Reproduce, without alteration, every line of the data; exclude the images.

- Given information -
=== Section Start ===

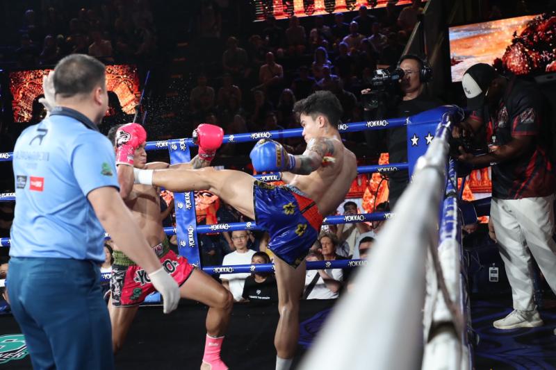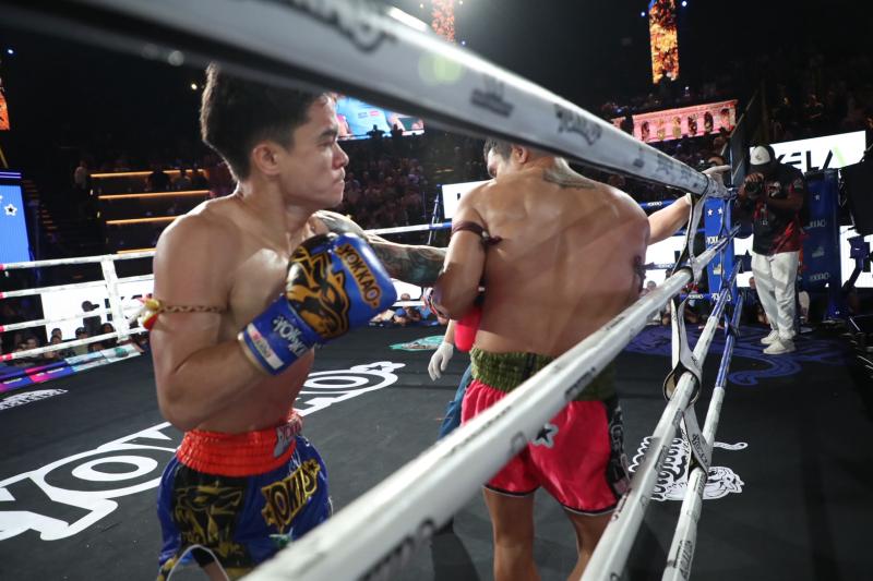 | การต่อสู้ | มวยเตะขาเจาะยางต่อยหมัดศอกรุนแรงจิตใจสู้มีฮึดตลอดแต่ช้ากว่า ''กระเหรี่ยง'' | มวยซ้ายอาวุธหนักแรงต้นๆได้ลุ้น ''พยัคฆ์จิ๋วเมืองตราด'' ''ซ้ายคอลเซ็นเตอร์'' |
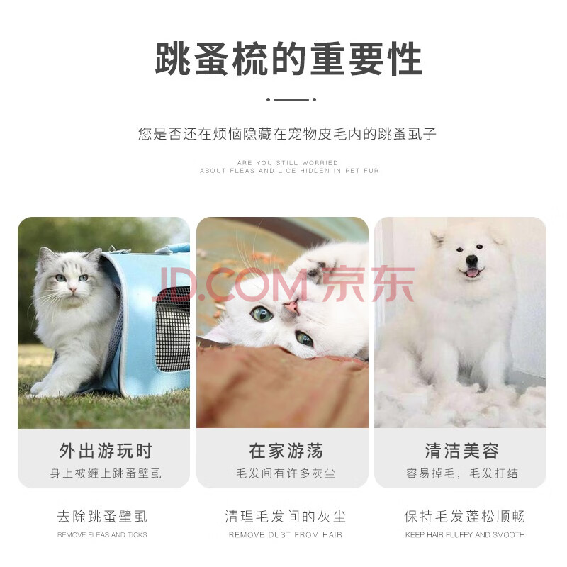 商品相册:憨憨乐园 狗梳子除蚤猫梳子猫咪刷子脱毛梳狗毛刷宠物梳毛器跳蚤梳白色第
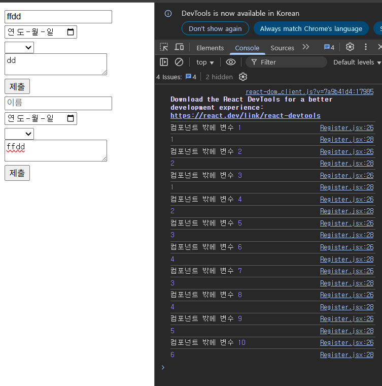Register 가 2번 호출되었지만 내부의 상태값들은 각각 관리되어야 하지만 컴포넌트 외부에 선언된 변수는 공유가 된다.

=== Section End ===

- Exercise result -
 | การต่อสู้ | มวยเตะขาเจาะยางต่อยหมัดศอกรุนแรงจิตใจสู้มีฮึดตลอดแต่ช้ากว่า ''กระเหรี่ยง'' | มวยซ้ายอาวุธหนักแรงต้นๆได้ลุ้น ''พยัคฆ์จิ๋วเมืองตราด'' ''ซ้ายคอลเซ็นเตอร์'' |
 商品相册:憨憨乐园 狗梳子除蚤猫梳子猫咪刷子脱毛梳狗毛刷宠物梳毛器跳蚤梳白色第
Register 가 2번 호출되었지만 내부의 상태값들은 각각 관리되어야 하지만 컴포넌트 외부에 선언된 변수는 공유가 된다.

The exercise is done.